The Stephens Group found that the combination of increased carnitine and increased insulin (above a threshold) increased skeletal muscle OCTN2 mRNA expression by 2.3 fold (Stephens Group, Insulin stimulates… (2006)) in addition to increasing the activity of Na+/K+ ATPase pump. This results in an increased availability of transporter which potentially increases the amount of carnitine that may be carried into the muscle cell.

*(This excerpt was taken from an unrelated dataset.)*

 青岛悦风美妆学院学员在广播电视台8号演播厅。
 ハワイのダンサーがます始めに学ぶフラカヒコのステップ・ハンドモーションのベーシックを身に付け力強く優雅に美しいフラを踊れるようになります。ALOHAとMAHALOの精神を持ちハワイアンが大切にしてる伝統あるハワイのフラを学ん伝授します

The action of insulin however is most important in changing the membrane permeability in favor of carnitine inflow.

It has been demonstrated that the Na+ dependent uptake of other nutrients into skeletal muscle is increased by insulin, for example amino acids (Zorzano et al. 2000) and creatine (Green et al. 1996; Steenge et al. 1998).

Insulin is able to increase the flow of carnitine into skeletal muscle as follows.

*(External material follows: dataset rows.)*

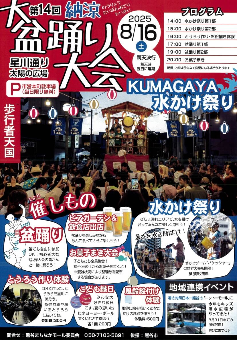 熊谷市・星川通りで開催される夏の風物詩「納涼大盆踊り大会」。水かけ祭りや盆踊り、お菓子まき大会などが行われ、子どもから大人まで楽しめるイベントです。歩行者天国となる会場には屋台や縁日コーナーも登場し、真夏の一日を盛り上げます。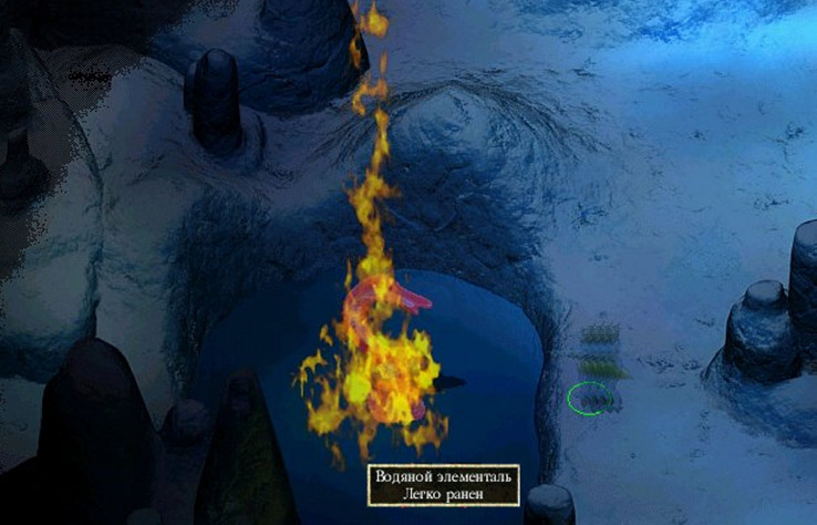 Очередные врата – дракон? Нет, ещё ниже. Новый враг: посреди колодца воды стоит элементаль и бросается магическими снарядами. Булавой не достать, «Огненный Удар» малоэффективен… Хорошо, что я не выбросил и не продал почти бесполезную пращу – пригодилась вот…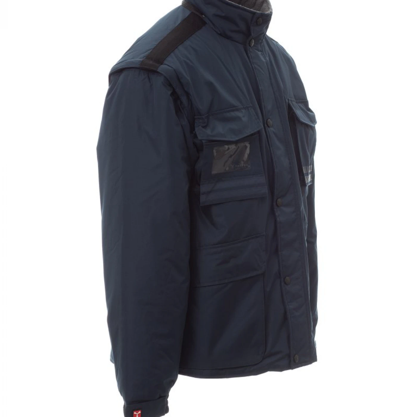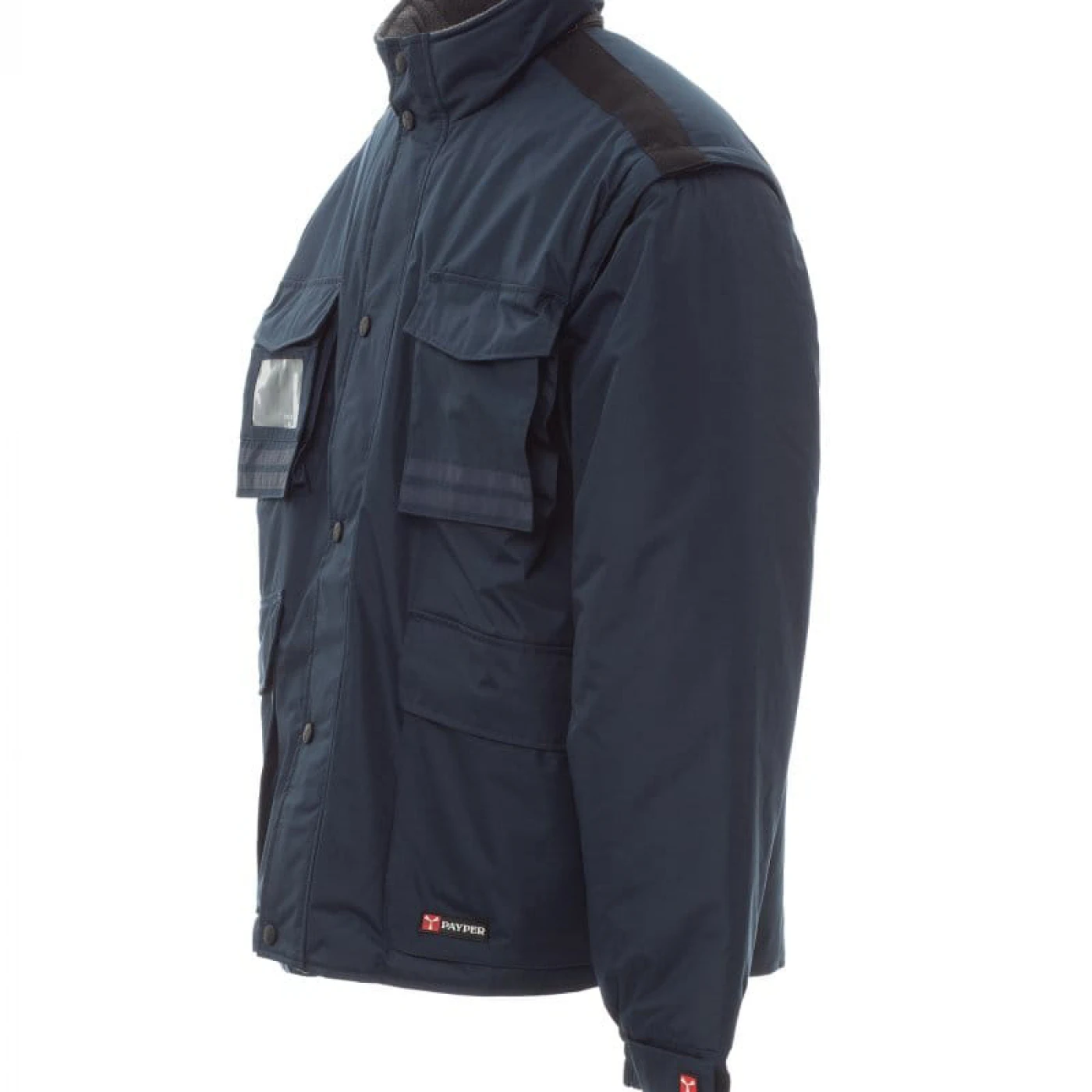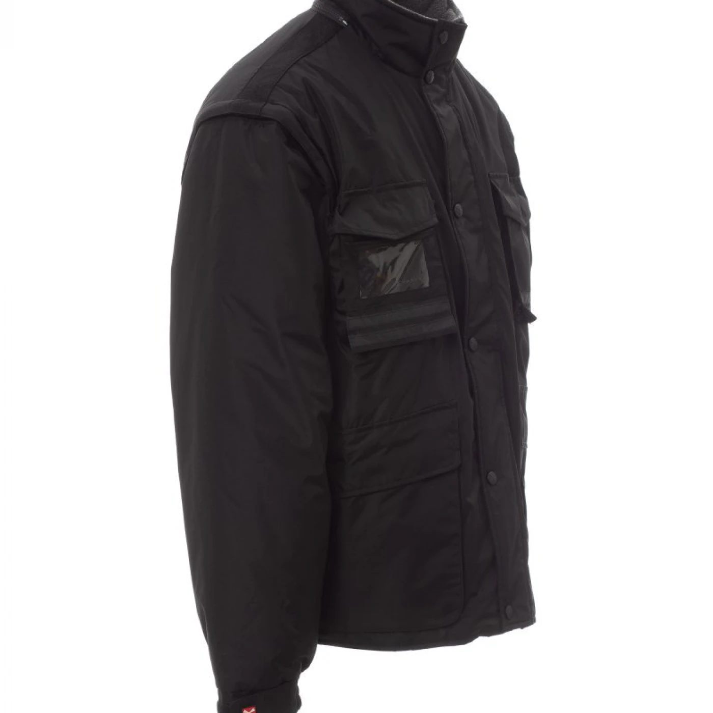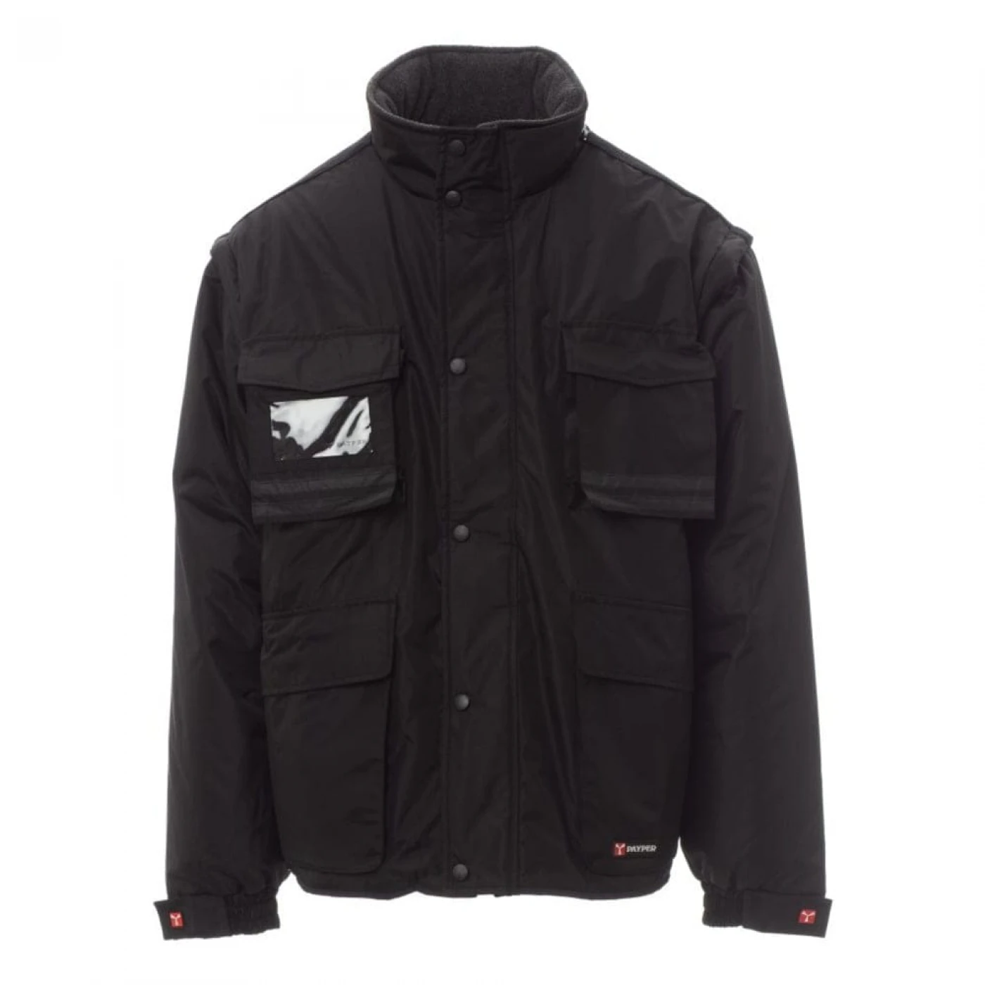 Jacheta de iarna pentru barbati, cu maneci detasabile, confectionata din poliester ripstop pongee. Materialul este impermeabil, rezistent la vânt, densitatea si textura tesaturii nu permit trecerea aerului si asigura o izolatie termica discreta. Închiderea se face cu un fermoar din plastic de 5 mm, prevazut cu un cursor metalic. Este echipata cu 5 buzunare exterioare, din care unul cu suport pentru ecuson, gluga pliabila, mansete reglabile, benzi reflectorizante pe buzunarele de la piept si pe spate, captuseala din micro-fleece la guler si spate, snur interior si fermoar care faciliteaza serviciile de imprimare si broderie. \n

Insulin increases Na+/K+ ATPase pump activity by increasing translocation (or movement) of alpha2 and beta1 pump subunits from an intracellular storage site to the plasma membrane (Sweeney & Klip, 1998), and through an increase in the sensitivity of the Na+/K+ ATPase pump to intracellular Na+ (Clausen, 1986, 2003; Ewart & Klip, 1995).

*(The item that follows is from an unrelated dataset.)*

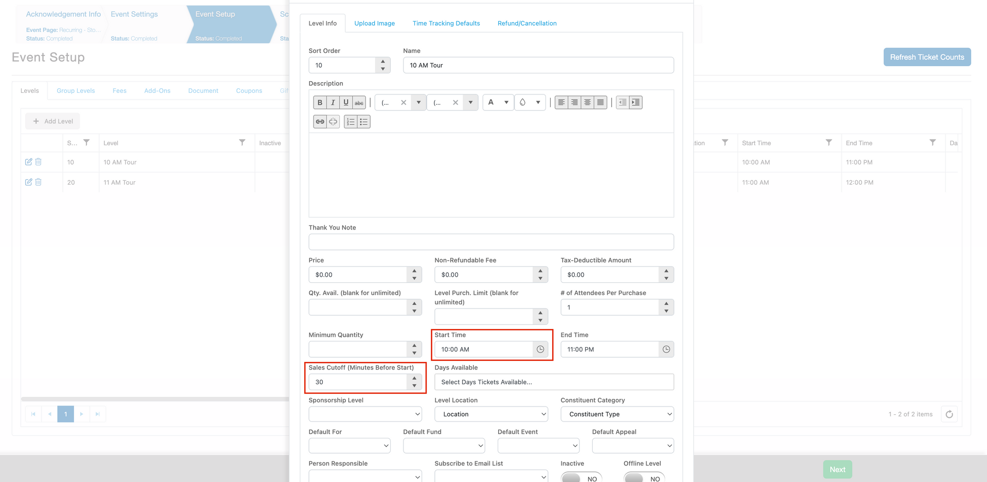 One-time event levels have been enhanced to give you precise control over registration timing. You can now set both the exact date and time when a level becomes available, as well as when it closes and is removed from your online Event form. This added flexibility makes it easier to manage timed releases, early access, and cutoff deadlines with complete accuracy.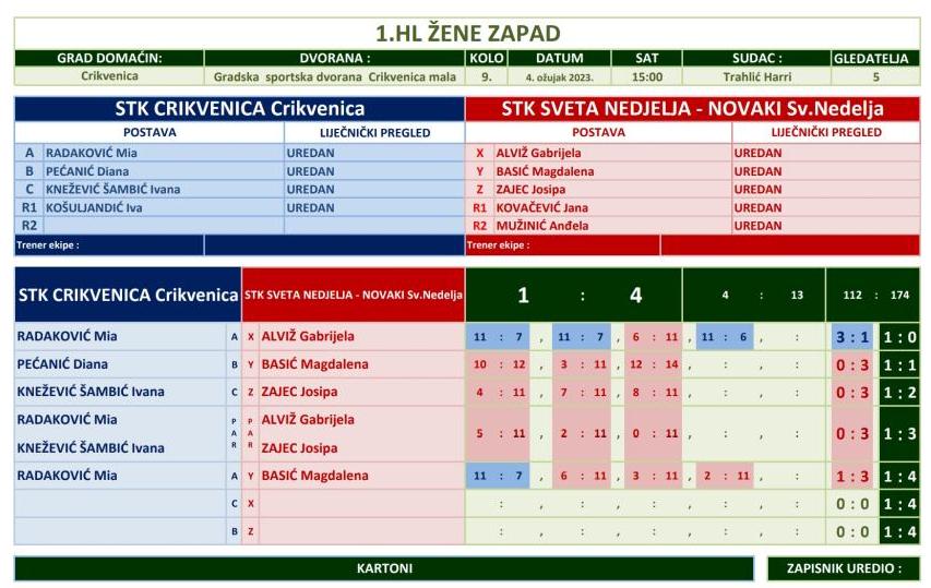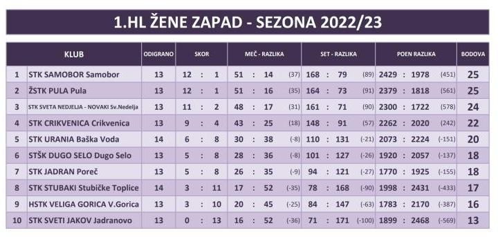 05.03.2023. STK Sveta Nedelja odigrala je 12. i 13. kolo kao gost u Svetom Jakovu i Crikvenici. Sa nove dvije pobjede STK Sveta Nedelja zauzima 3. mjesto s realnim izgledima za osvajanje 1. mjesta i povratkom u SUPERLIGU!

OCTN2 has equal affinity for sodium ion (Na+) and carnitine and bonds to both. With an increased Na+/K+ ATPase pump activity brought about by an increase in circulating insulin concentration intracellular Na+ concentration is lowered which increases the electrochemical gradient for Na+ and therefore increases Na+/carnitine cotransport.

This results in an increase of carnitine inside the muscle cell.


----------



## PRIDE (Feb 17, 2012)

*VII: Methodology and results*

The Stephens Group undertook a series of experiments building on each to create an overall understanding. In Insulin stimulates L-carnitine accumulation in human skeletal muscle, they were able to increase muscle total carnitine content by 13%. They achieved this by using what I will call an “overkill amount of L-carnitine” administered by infusion. They administered a 15mg/kg bolus w/in the 1st 10 minutes rapidly achieving a supraphysiological plasma concentration of about 500 umol/L. This was followed by 10mg/kg infused over the next 290 minutes to maintain hypercarnitinemia.

In addition they infused insulin at a dose I will call an “overkill amount”. The aim of study was to determine whether insulin could increase Na+/dependent skeletal muscle carnitine up-take in healthy human subjects as a result of increasing Na+/K+ ATPase pump activity. They were very much successful. The positive results of the study are incorporated in the previous section.

Using an identical protocol and intravenous L-carnitine & insulin amounts they undertook another study reported in An Acute Increase in Skeletal Muscle Carnitine Content Alters Fuel Metabolism in Resting Human Skeletal Muscle with the broader aim of determining the effect that an increase in skeletal muscle carnitine content would have on the integration of muscle fat and carbohydrate oxidation during and after hyper-insulinemia.

As in the previous study total carnitine content increased in skeletal muscle, this time by 15%.

This resulted in a 30% decrease in muscle PDC activity (carbohydrate metabolism) and a 40% decrease in muscle lactate content. After an overnight fast, muscle glycogen and LCA-CoA (long-chain acyl-CoA) content had increased by 30% and 40% respectively, in the carnitine group compared with control. The difference between the control and carnitine visits was not attributable to a difference in the amount of carbohydrate administered.

“Taken together, these findings lead us to conclude that the increase in muscle carnitine content observed in the present study inhibited glycolytic flux (decrease in lactate) and carbohydrate oxidation at the level of the PDC, thereby diverting muscle glucose uptake toward glycogen storage (nonoxidative glucose disposal).”

“The reciprocal relationship between carbohydrate and fat oxidation in skeletal muscle would suggest that the apparent decrease in carbohydrate flux observed was the result of, or resulted in, an increase in fat oxidation. Thus, these findings could be of major importance in the treatment of insulin-resistant states, such as obesity and type 2 diabetes, because both conditions are associated with an impaired ability of skeletal muscle to oxidize fatty acids, both at rest and during exercise. Furthermore, reducing or preventing intramuscular lipid accumulation increases insulin sensitivity.”

The implications of these results should be clear and having read the previous portions of this article and examined the figures, self-explanatory. To reiterate the decrease in PDC activity indicates a substantial drop in carbohydrate metabolism, while the decrease in muscle lactate indicates a decrease in glycolysis activity. The increase in muscle glycogen storage given the constants of the study indicate that glucose was preferentially stored not metabolized. This also indicates that existing muscle glycogen stores where enhanced rather then drawn upon.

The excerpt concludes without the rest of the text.